The first Johnson ministry began on 24 July 2019 when Queen Elizabeth II invited Boris Johnson to form a new administration, following the resignation of the predecessor Prime Minister Theresa May. May had resigned as Leader of the Conservative Party on 7 June 2019; Johnson was elected as her successor on 23 July 2019. The Johnson ministry was formed from the 57th Parliament of the United Kingdom, as a Conservative minority government. It lost its working majority on 3 September 2019 when Tory MP Dr Phillip Lee crossed the floor to the Liberal Democrats. An election was called for 12 December 2019, which led to the formation of a Conservative majority government, the second Johnson ministry.

History
Theresa May announced on 24 May 2019 that she would resign as Leader of the Conservative Party and therefore Prime Minister, after failing three times to secure passage through the House of Commons of her Withdrawal Agreement and Implementation Bill, which would have seen the United Kingdom leave the European Union. Her announcement also followed the Conservative Party's very poor showing in the 2019 European Parliament elections in the UK. Her resignation as Conservative leader took effect on 7 June 2019.
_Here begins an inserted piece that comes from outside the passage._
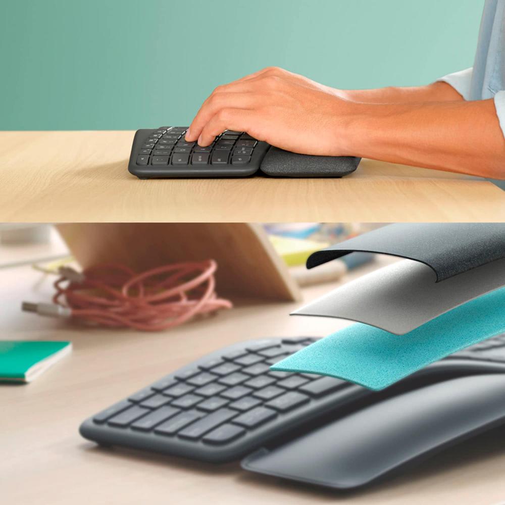 Teclado Gaming Wireless Scissor Logitech ERGO K860 para Windows e M@c com Palm Rest - preto-920-009166

The former London Mayor and Foreign Secretary Boris Johnson was elected to succeed May on 23 July 2019. He was appointed Prime Minister on the following day by Queen Elizabeth II. Johnson inherited a minority government, supported by a confidence and supply agreement with the Democratic Unionist Party of Northern Ireland.
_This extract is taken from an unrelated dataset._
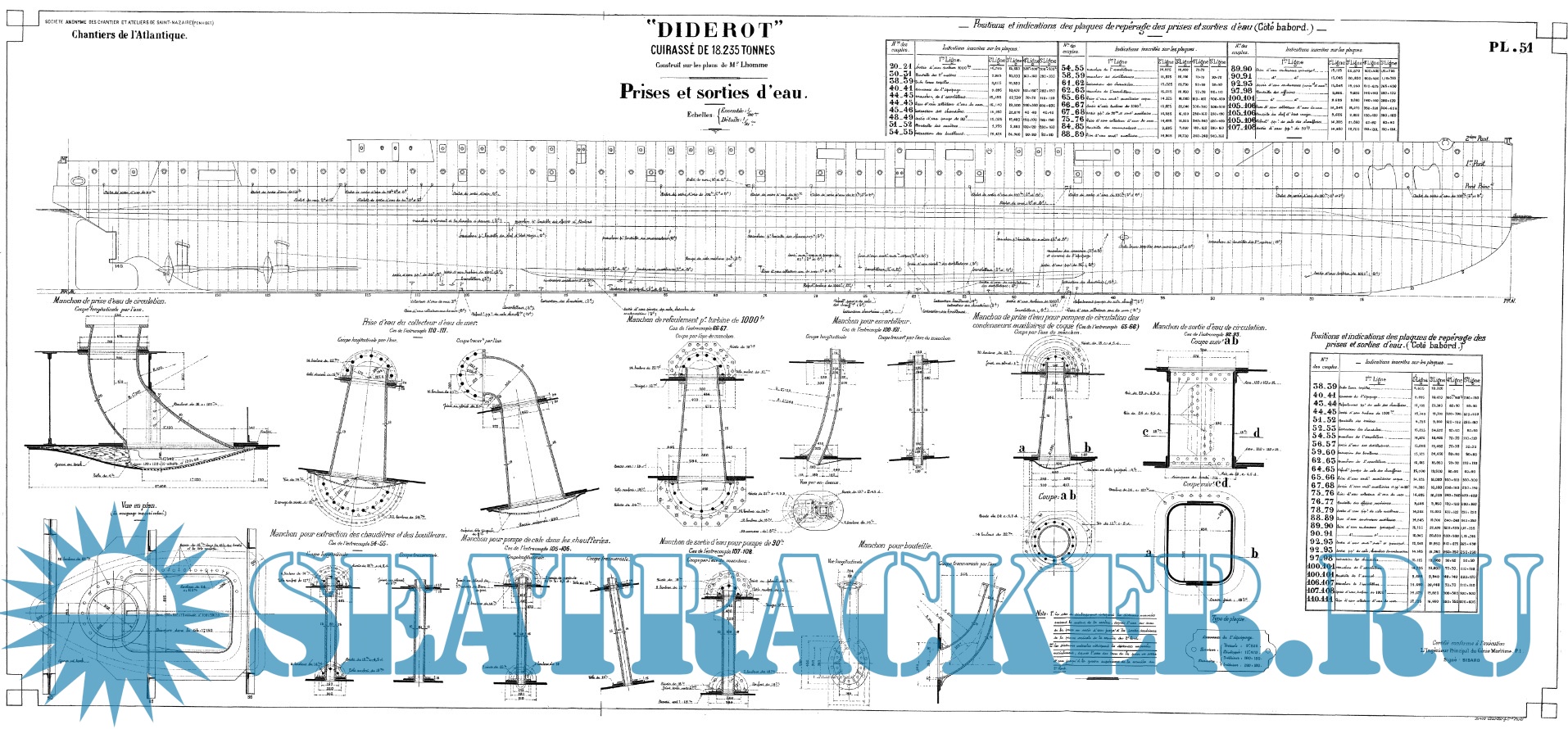 Описание: 57 листов архивных чертежей эскадренного броненосца DIDEROT (Франция) 1909 год

Johnson appointed his cabinet on 24 July 2019, describing it as a "Cabinet for modern Britain", with The Guardian branding it "an ethnically diverse but ideologically homogeneous statement of intent". While forming his government, Johnson dismissed 11 senior ministers and accepted the resignation of six others, a purge described by Johnson's ally Nigel Evans as "not so much a reshuffle as a summer's day massacre". The mass dismissal was the most extensive Cabinet reorganisation without a change in ruling party in postwar British political history, exceeding the seven Cabinet ministers dismissed in the "Night of the Long Knives" of 1962, and was dubbed the "Night of the Blond Knives" by The Sun.
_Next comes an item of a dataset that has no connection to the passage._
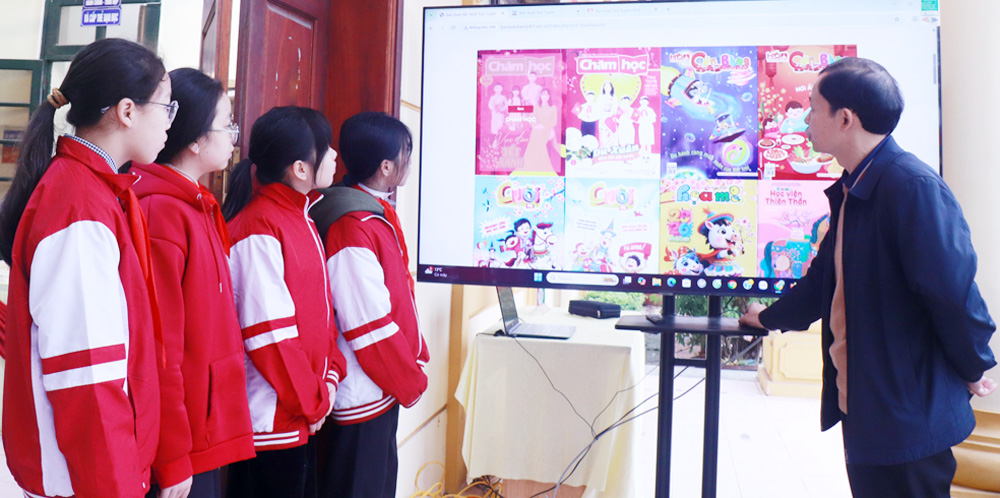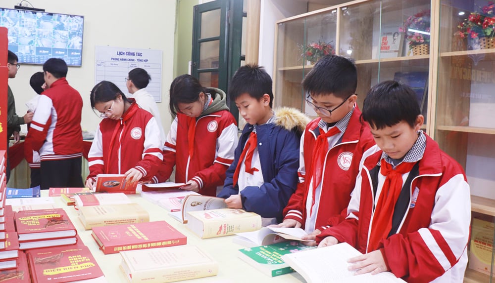 هنا، زار المندوبون والطلاب جناح المعرض الذي ضمّ أكثر من 600 كتاب ونحو 100 صحيفة ومجلة ومنشورات ربيعية من وكالات ووزارات وإدارات حكومية مركزية ومحليات على مستوى البلاد، بالإضافة إلى مقاطعة باك نينه. ركّز المحتوى على التعريف بتأسيس الحزب الشيوعي الفيتنامي وتاريخه المجيد الممتد على مدى 96 عامًا في قيادة الثورة؛ والإنجازات البارزة للبلاد في مجالات الاقتصاد والثقافة والمجتمع والدفاع الوطني والأمن والشؤون الخارجية خلال فترة الإصلاح؛ والدور العظيم والمساهمات الجليلة للرئيس هو تشي منه، مؤسس الحزب الشيوعي الفيتنامي ومرشده.

Among other appointments, Johnson made Dominic Raab the First Secretary of State and Foreign Secretary, and appointed Sajid Javid and Priti Patel as Chancellor of the Exchequer and Home Secretary respectively. Johnson increased the number of ministers attending the Cabinet to 33, four more than had attended the May Cabinet. One quarter of those appointed were women, proportionally less than the May and Cameron ministries. The Cabinet set a new record for ethnic minority representation, with four secretaries of state and two additional ministers coming from minority backgrounds; 17% of the Cabinet were from BAME backgrounds, compared to 14% of the UK population. Nearly two-thirds of those appointed went to fee-paying schools, and almost half had attended Oxford or Cambridge universities. Johnson also created a new ministerial title to be held by himself, Minister for the Union, fulfilling a campaign pledge he had made in the leadership election.

Loss of majority and ministerial resignations

Johnson lost his working majority on 3 September 2019, when Dr Phillip Lee crossed the floor to join the Liberal Democrats. This was reduced further later the same day when 21 Conservative MPs had the whip removed after voting against the Government in order to enable Parliament to take control of the order paper and to debate a back bench bill designed to prevent a no-deal Brexit.

On 5 September 2019, Johnson's brother and Orpington MP Jo Johnson announced his intention to resign both his ministerial position and parliamentary seat, stating “In recent weeks I’ve been torn between family loyalty and the national interest — it’s an unresolvable tension & time for others to take on my roles as MP & Minister.” On 7 September 2019, Amber Rudd announced she was resigning as Secretary of State for Work and Pensions and Minister for Women and Equalities, and leaving the Conservative Party.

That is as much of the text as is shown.